Mega yacht’s make Burger Boat world famous

Mega yacht’s make Burger Boat world famous

Hurt, Jeanette

BACK WHEN ABRAHAM LINCOLN WAS PRESIDENT, BURGER Boat Co. started making fishing boats in Manitowoc. Over the years, this little shipping yard has built boats for some of the wealthiest dynasties in America. Its clients included such recognizable names as Walgreen, Ford and Rockefeller. Not to mention in more recent years such personalities as Chicago Bulls superstar Scottie Pippen and the king of Morocco.

But in 1990, expanding its roster of famous clients wasn’t on the company’s agenda. In fact, just five years after the family-owned business transferred ownership to John McMillan, chairman of the Allegheny and Western Natural Gas Co., the once thriving company nearly sank. McMillan ended his absentee ownership in 1989 – he had tried to run the Wisconsin company from his Florida home – and the boatyard was shut down in November 1990.

Enter Chicago businessman David Ross and his partner Jim Ruffolo. “The main reason I went ahead and acquired the company is because of a meeting I had with Burger’s craftsmen,” said Ross, Burger’s president and CEO.

“I found them to be so genuine and so sincere. They only wanted to give their best. Truly, they are some of the finest artisans on the planet.”

The quality of their work and their professional work ethic won Ross over, and he and Ruffolo purchased the company in 1993. At that time, he began rehiring all 160 workers who had been laid off. Though his first few years at the helm proved challenging, Ross not only rebuilt the company, he began to take it to a new level.

“For about 55 years, Burger built custom yachts in the 60- to 90-foot range,” Ross said. “In the last 15 years under my ownership, we brought up our entire range up to between 80 and 120 feet.”

The new range proved more profitable, but there was stiff competition.

“The vast majority of ship builders in that size range were building boats on a production basis versus the full custom basis of the way we build,” Ross explained.

“What that means is you could get a similar sized yacht that looks pretty good for substantially less money. We felt there was a lot of pressure on us, as there was more and more resistance to building custom yachts in that size range.”

With about 100 competitors in that size range, Ross decided to take Burger out of the competition and into the next level of yacht building, as the 140- to 160-foot range offered comfortable room for a custom-yacht builder like Burger. In 2003, he began that transition. A $25 million renovation and expansion of Burger’s shipyard has allowed the company to do just that.
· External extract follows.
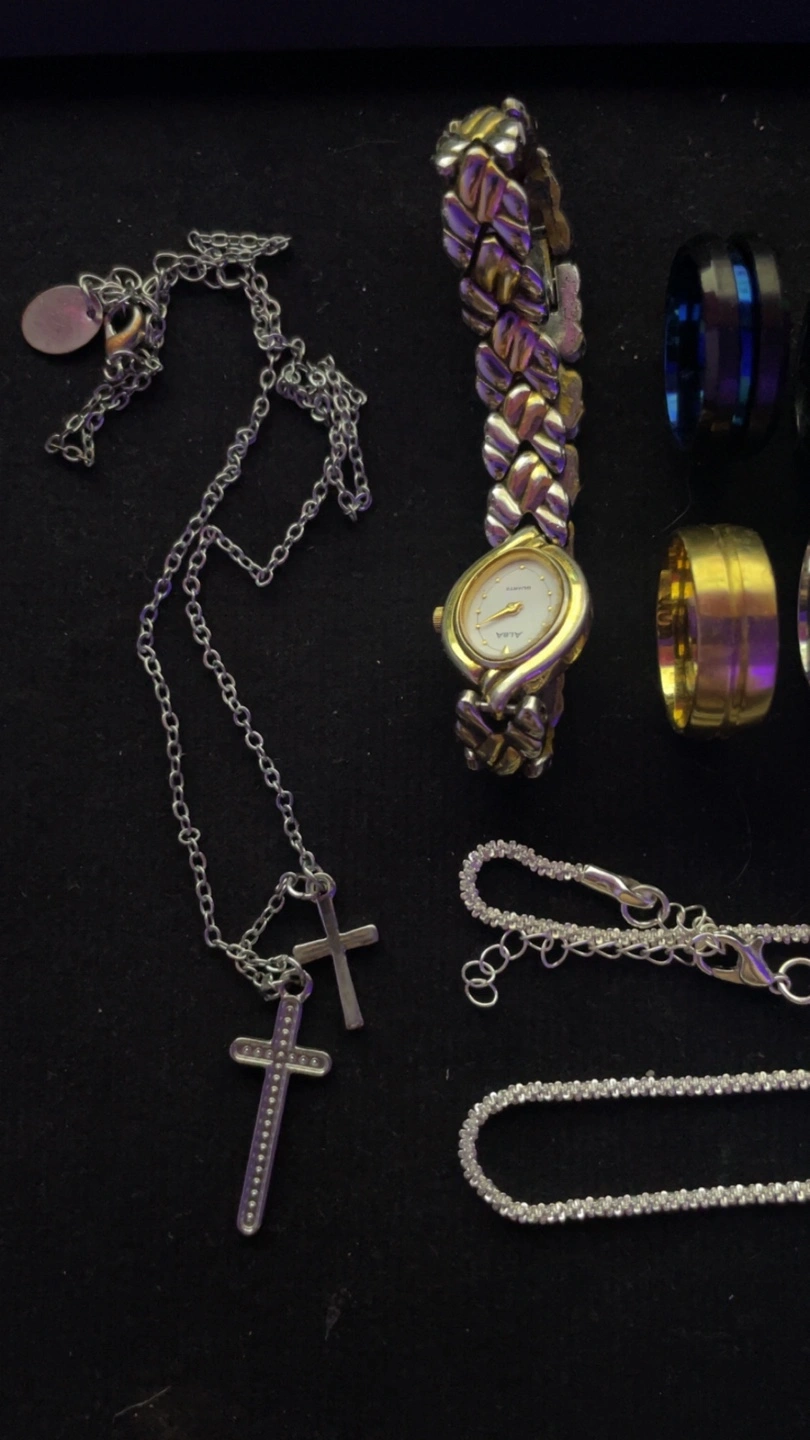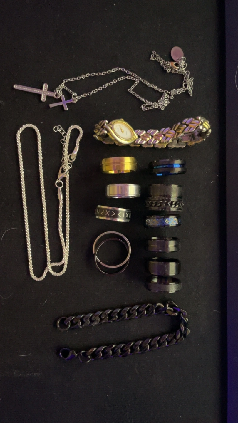 Selling a bundle of assorted jewellery, including necklaces, rings, a bracelet and a watch. All items are in good condition and ready for a new home!

Its first yacht in the new mega-yacht range, the Mirgab V, purchased by a Kuwaiti businessman, made a splash on the international yachting scene, winning the “Yacht of the Year” award from Yachts International magazine.

“It’s like winning the Academy Award for our industry,” Ross said. “A year ago, we were certainly below the radar screen, and now, we’ve been nominated for four more awards.”

Luxurious features have put Mirgab V in a class all its own. For example, its custom, bronze staircase has illuminated glass treads that spiral up three levels around a glass tube elevator, exiting onto onyx floors. “They make jewelry out of the stuff we put down as flooring,” Ross said. “It’s just jaw-dropping stuff.”

It’s also pretty profitable. Mega yachts typically sell for $20 million or more, and right now, Burger has six other custom yachts under construction, with two additional ones waiting in the queue. The new designs under construction should outshine Mirgab V. One is a sleek, high-speed Euro-style custom boat. Another is a 144-foot fantail cruiser that is made to look like a 1920s ship with an art deco interior design.

“We’re now considered a Rolls Royce of the industry,” Ross said. “We deal with entertainers, sports celebrities, royalty.”

To accommodate that kind of growth, Burger expanded its workforce to just under 500 employees, and Ross is always looking for skilled craftsmen to add to his team.

“I have been very fortunate in my life that I have always made a living from my passion, and my passion has been yachting and boating,” said Ross, who in his spare time enjoys setting sail on his 1972 Burger yacht.

“I always say that if you have an opportunity to turn your passion into your livelihood, I don’t think there can be any better potential for success.”